José María se ocupó también de la Ciencia Ilustrada en América, con suerte varia. Aquí prefiero los textos de alguno de sus discípulos como Pardo Tomás, Fresquet; o de Horacio Capel, José Luis Peset, Antonio Lafuente o los más jóvenes como Puig Samper, González Bueno o Pimentel, que no lo fueron. También escribió sobre la Ciencia en los siglos XIX y XX, donde el maestro indudable es José Manuel Sánchez-Ron.

No es que sus textos sean menos brillantes, es que abordó una tarea titánica y, claro está, no pudo hacerlo, es materialmente imposible, desde otras fuentes distintas de las impresas, al igual que su maestro Laín. Los historiadores de las generaciones siguientes hemos sido metodológicamente más correctos, nuestras fuentes se han ampliado, pero las interpretaciones o intuiciones de López Piñero han impregnado lo mejor de los textos de quiénes han escrito tras él para seguirle o criticarle y, sobre todo, han establecido una especie de estilo de lo que debe ser un historiador de la Ciencia, aunque en este ámbito no se debe ser tampoco parvo en reconocimientos con lo efectuado en Madrid bajo la batuta e influencia primera de José Luis Peset.


El biógrafo

Hace ya demasiado tiempo, durante la lectura de una tesis de Historia de la Medicina en la Universidad de Granada, en la que no estaba él, dije que su Diccionario debía ser el libro de cabecera de todos los historiadores de la Ciencia españoles. Alguien, no recuerdo quién, lo que indica que su obra no debe ser excesivamente relevante, hizo sus bromas sobre mi aserto. En esta anécdota se pueden ver el origen de las críticas a la obra de José María: muchos de sus más enconados adversarios, en nuestro ámbito, son prácticamente ágrafos. Para no ser injusto diré que muchos lo son por perfeccionismo: resultan tan perfeccionistas, tan platónicos en su afán historicista, que jamás publican nada.

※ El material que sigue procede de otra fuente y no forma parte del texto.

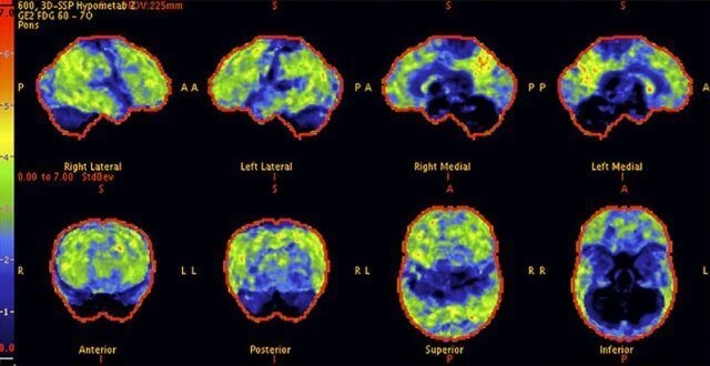 Above: The patient's PET scan after CureFight treatment shows improvement, with cognitive abilities greatly enhanced as the scan approaches that of a normal brain.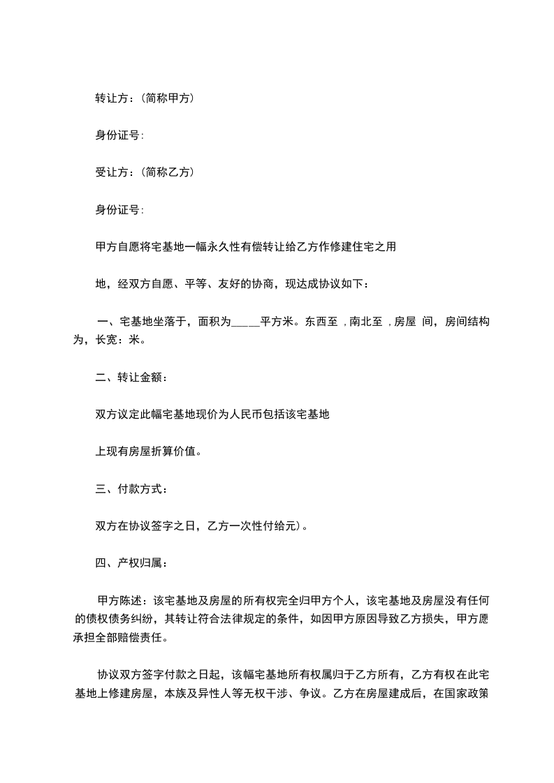 2、乙方自主使用甲方宅基地不受甲方限制,依建设规划建筑施工,建造新房产和设施。

El trabajo de López Piñero en este ámbito, con la colaboración de Víctor Navarro, tan brillante en el estudio de la astronomía renacentista y barroca, de Eugenio Portela y de Thomas F. Glick, aunque muy limitado en su publicación y con algunas lagunas y desenfoques, como es lógico, resulta todavía de consulta imprescindible para quiénes investigamos en la Ciencia española.

Desde la Fundación de Ciencias de la Salud, hace algunos años, conseguí la financiación necesaria para efectuar un gran diccionario de la Ciencia española. Contacté con los más destacados investigadores que quisieron participar; hicimos un plan en donde se contemplaba la participación de absolutamente todos los investigadores españoles y, cuando ya estaba a punto el programa, nos llegó el veto de la Real Academia de la Historia. Estaban entonces empezando con el Diccionario Biográfico y no consideraban pertinente un diccionario parcial. Les intentamos hacer ver que lo uno no quitaba lo otro, pero se mantuvieron inflexibles y, ante su oposición, el Patronato de la Fundación detuvo el proyecto. Ese fue uno de los fracasos de nuestra colaboración. No sé si lo hubiéramos llevado a término, pero si tengo en cuenta que el director de la Fundación era entonces Alfonso Egaña, luego gerente de la Real Academia de la Historia y ahora de un destacado centro de investigación del País Vasco y admirador y amigo de López Piñero, no dudo de que ahora estaría publicado y sería de enorme utilidad no sólo a los investigadores sobre historia de la Ciencia sino a todos los eruditos y curiosos.

Con Egaña visité a López Piñero en Valencia y le hice una larga entrevista –una de las pocas que he efectuado en mi vida- para publicarla en EIDON. Todavía le recuerdo, pálido y trémulo, esperándonos al pie del tren en la estación de Valencia y la paella que nos comimos en su casa, con su esposa, antes de volver a Madrid.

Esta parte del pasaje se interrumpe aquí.